I agree completely with this. This also can be a blessing or a curse..If you get a good strong current that can bring you to another island in the matter of 3 turns, great. But if you get stuck in one that takes you AWAY from the place you want to go before you can move towards it then thats bad...but hey thats life. The currents could be represented by blue and red arrows (hot and cold currents).


Publius
Another idea: Environmental consequences. Right now, there is no downside for clearing jungles or forests, except for the production loss from clearing tundra forests. How about if too much deforestation and jungle-clearing contributed to the Global Warming effects of pollution? Likewise, you could slow global warming by re-planting forests. They would have to make sure the AI is aware if this, too, because it seems to love clearing forests. And maybe for Democracies and Republics, too much deforestation and pollution in a city's radius could have a negative effect on the happiness of its citizens; either for a certain period of time or until the pollution is cleaned up. I don't know, maybe it would affect gameplay too much. What do you guys think?


Well if you do this, then your gonna have to make that jungle square a helluva lot more productive cause at the current time, it is the worst terrain in the game. Punishing for removing a terrain that is hindering your progress isn't very wise



Henrique
There should also be some more luxuries (like cotton,tobacco, coffee, ....). we could also have wood as strategic (needed for harbour, early naval units and other improvements) receiving an amount of it whenever you change a florest into grassland. (BTW i liked the others ideas very much...)

yeah and add to that list:

Strategic: Silicon - maybe make that required for mech inf. and modern armor

Bonus:
Fruits such as strawberries and bananas that can make extra food..you could even put the bananas on Jungle squares so that they are WORTH something





Some ideas that I've heard around (don't kill me if its been said)
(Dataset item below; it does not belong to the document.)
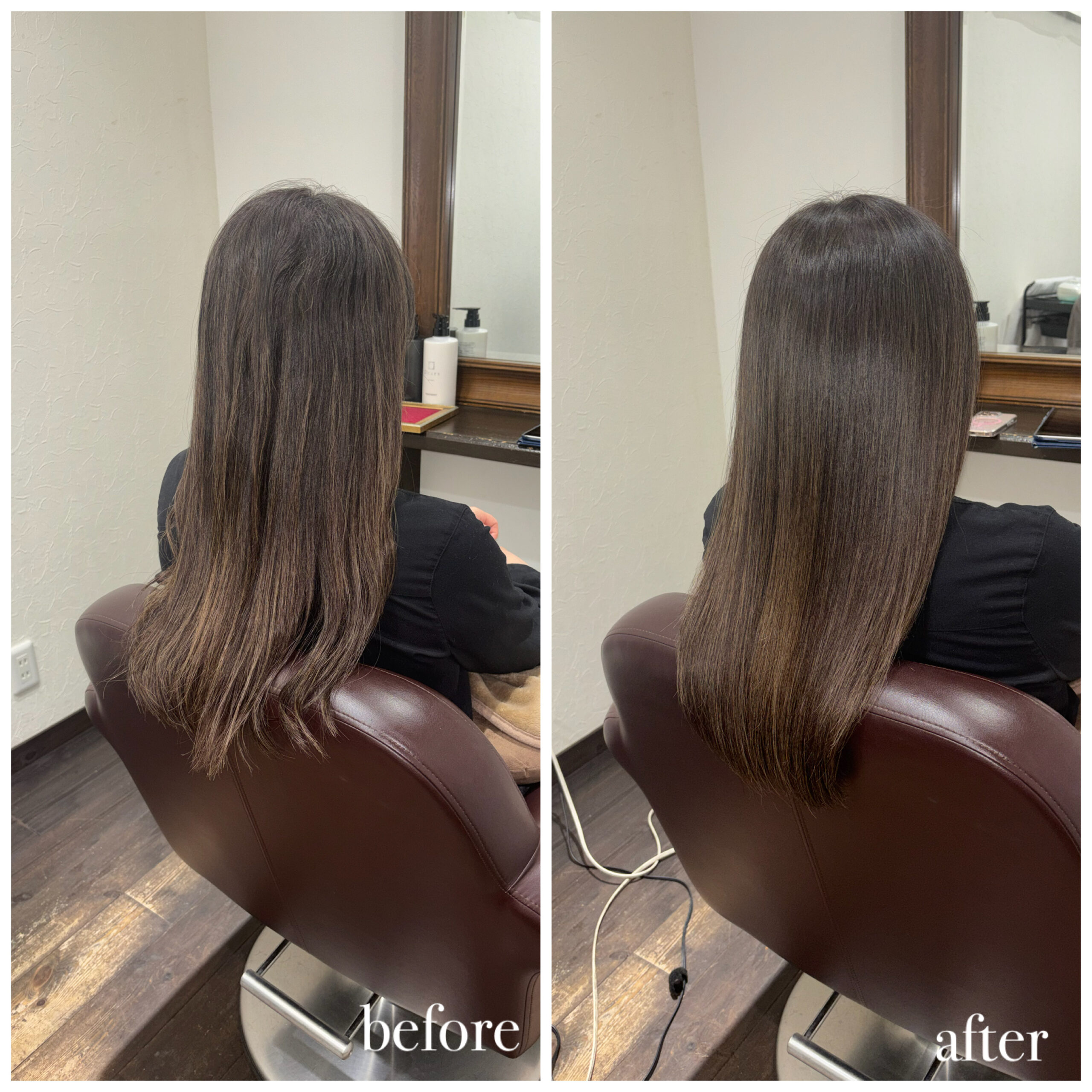 新潟店のカラーエステの施術実績 カラーエステでツヤツヤに dearsniigata 2026年4月4日 こちらのお客様はカラーや日々のアイロンによる毛先のパサつきやダメージで絡まり、まとまりがないというのがお悩みでした😭 今回の髪の毛の悩みは薬剤の選定ミス、 髪の毛の乾燥が重なって起きていました。 そこでディアーズでは優しい薬剤を使用して やさしい施術をさせて頂きました❣ 髪の毛に栄養をたくさん入れたり、 保湿をしっかりすることで まとまりのあるサラサラ髪になりました✨ お客様からは 「まとまりもでて嬉しいです💓」 と喜んで頂けました!
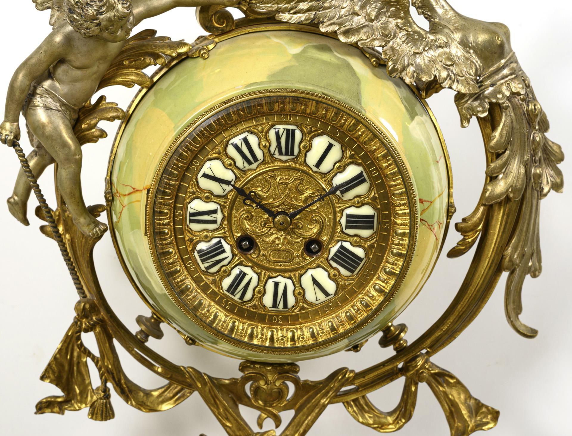 Historism clock with a finely designed bronze mount with rocailles, shells, foliage and musical instruments. Hanging clock body with a sculpted angel and a winged griffin herm. Minimal signs of age and wear.

This one really intrigues me ---*Territories*---

ok there is a new option for a settler: claim

claim will allow you to stake out an area (maybe a 5X5 square) that is considered 'yours'.

Now these wouldn't be official borders, maybe make the borders for territories longer dashes or something to set it apart from your regular boundaries.

Now 2 civs could stake out near the same place, this would create 'disputed territory'. You could battle the civ for rights to that territory, you could diplomatically agree to split it up, or you could be a wuss and give in.

Claiming land would be useful if your far away from somewhere you want to claim. Other civs would be..say..75% less likely to settle there (unless they are agressive then it may be 50% or less) so you might have more of a chance to get it.

You WOULD have to keep units there to watch your stake or it wouldn't be taken seriously...

feel free to elaborate on this idea (or if you originally came up with the idea, then feel free to butt in and tell me to stfu)



Ok thats enough space-wasting for me
 
Bonus:
Fruits such as strawberries and bananas that can make extra food..you could even put the bananas on Jungle squares so that they are WORTH something

You don't need to wait for the expansion pack to enjoy bananas, I have included them in my Three New Governments mod as a luxury resource. There also a new strategic resource of cobalt.